After two hours of deliberations Tuesday night, city commissioners decided they want to take back control of the Convention and Visitors Bureau advisory board.
But the CVB budget, currently $1.2 million, apparently will remain with the Chamber of Commerce.
Only a change in the city’s contract with the Chamber and its CVB arm could alter decision-making authority over how money is spent to promote Manhattan.
There is precedent for the commission having a greater say in the workings of the CVB advisory board – which does not have spending authority on its own. The commission appointed the board until that procedure was changed in 1997.
City manager Ron Fehr said there was no documented reason why the commission stopped appointing the board.

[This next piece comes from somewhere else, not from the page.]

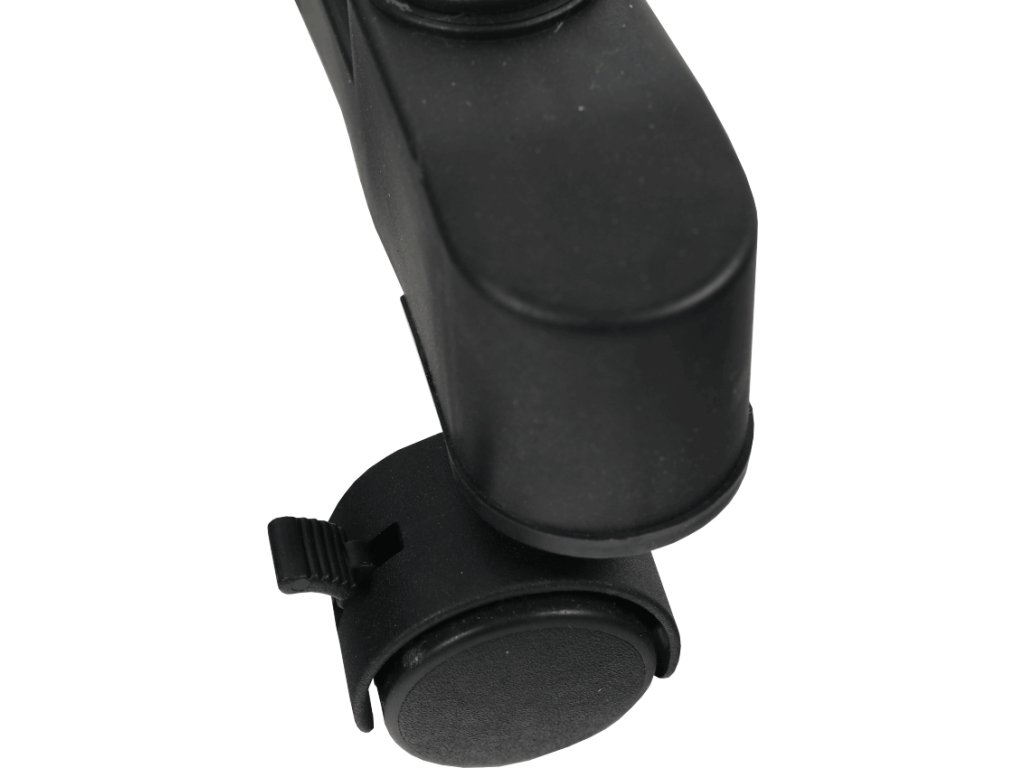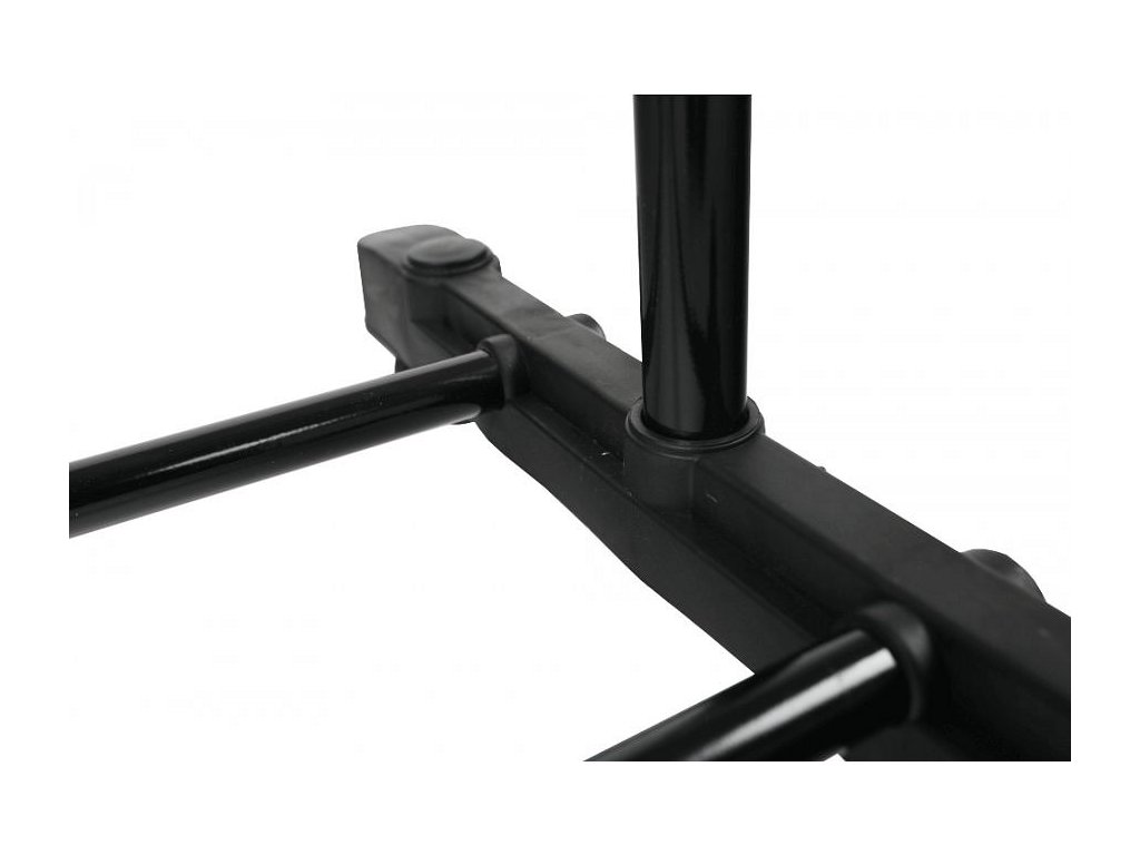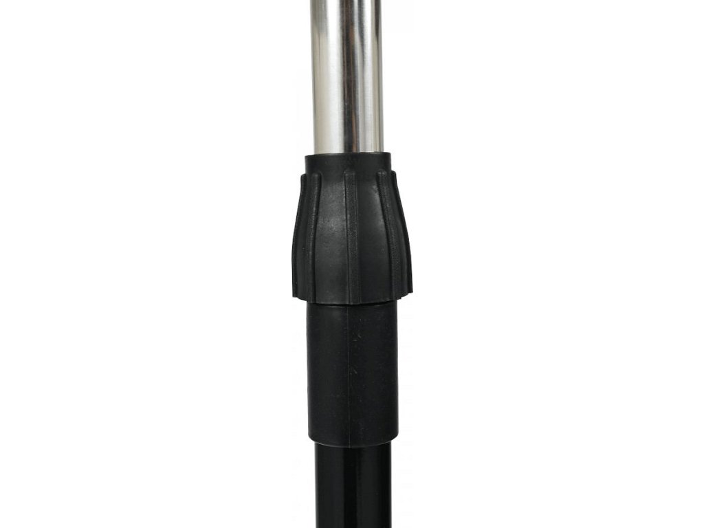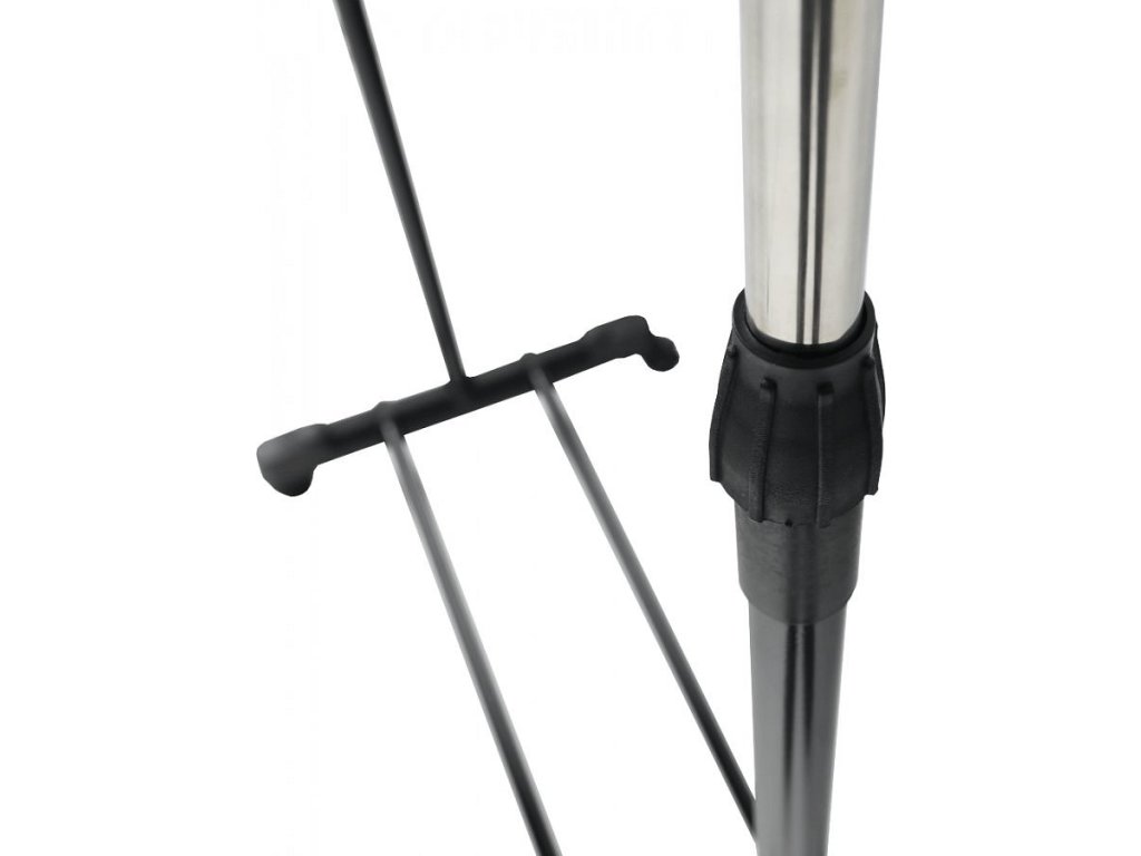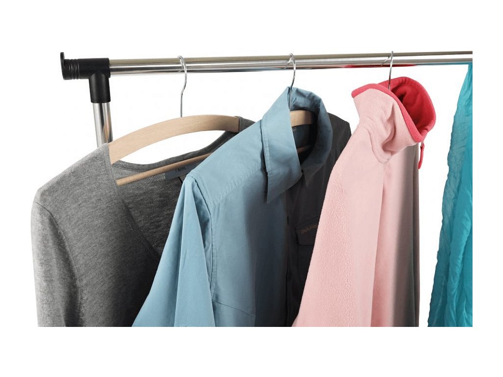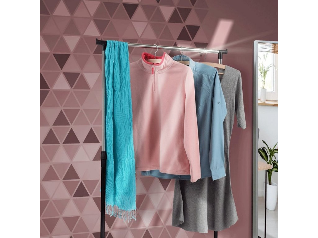 pojazdný věšák s kolečky a jednou závěsnou výškově nastavitelnou tyčí, provedení: nerezový kov + černý plast, rozměry ŠxHxV: 75,5x43x92-159 cm

City attorney Bill Raymond said that he thought it had to do with an opinion issued by the Kansas attorney general in 1997 – stating that an advisory board was optional and did not have to be appointed by the commission.
A board created by the commission would be subject to open records and open meetings laws.

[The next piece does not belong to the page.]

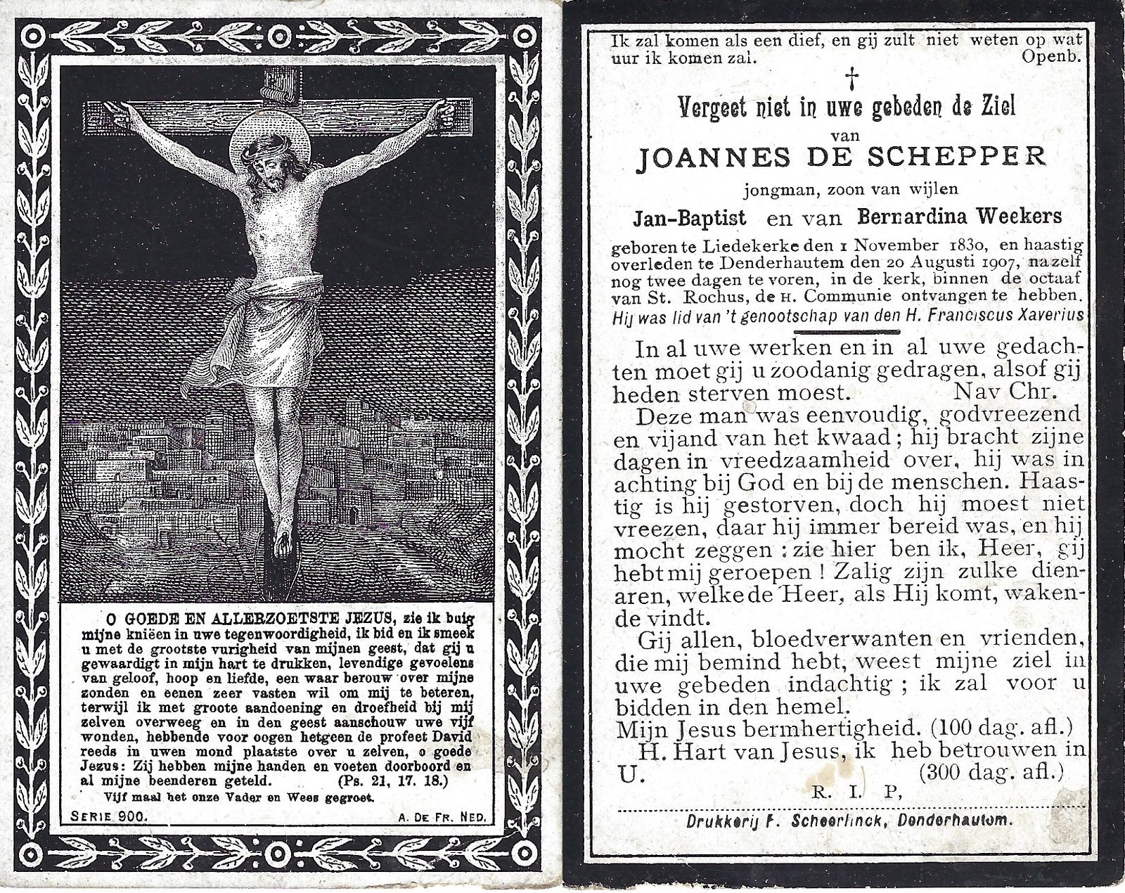 De Schepper JoannesLiedekerke01/11/1830Denderhoutem20/08/1907

Interest by some members of the commission to retake control of the board sparked to life after the CVB gave the Fieldhouse Project a $25,000 grant in June.
The Fieldhouse Project is a local effort to build sports facilities for kids.
According to commissioners, that decision by the CVB was outside its scope of marketing Manhattan to visitors.
However, Chamber president Lyle Butler said the CVB has given other grants to various entities in Manhattan – just not as large as the one given to the Fieldhouse Project.
As a result of the flap over the grant, the commission agreed the advisory board needed to be appointed by the commission to provide more oversight of the CVB.
Commissioners also expressed a desire to have one of their members become a non-voting member of that board.
Commissioners Usha Reddi, Karen McCulloh and Rich Jankovich said that would be sufficient oversight of the CVB.
Mayor John Matta and Commissioner Wynn Butler disagreed. They want the board to be answerable to the commission rather than to the Chamber.
Butler also wanted the meetings to be subject to open records and open meetings laws, in order to keep public perception positive after what he called the “fiasco” with the Fieldhouse Project.
McCulloh eventually agreed to the commission appointing the board, because that was how the city statutes were written – even though a commission has not appointed a board since 1997.
The commissioners also indicated they want to alter the contract with the Chamber and CVB, requiring any grants over a specific amount first be approved by the commission.
However, Matta said that should be part of a separate discussion and not included in the revamping of the advisory board.
Although no official vote was taken during Tuesday’s meeting, the feedback from the commission allows city staff members to modify existing rules governing the board’s function and appointments.
City officials will bring a finished statute back to the commission for a vote.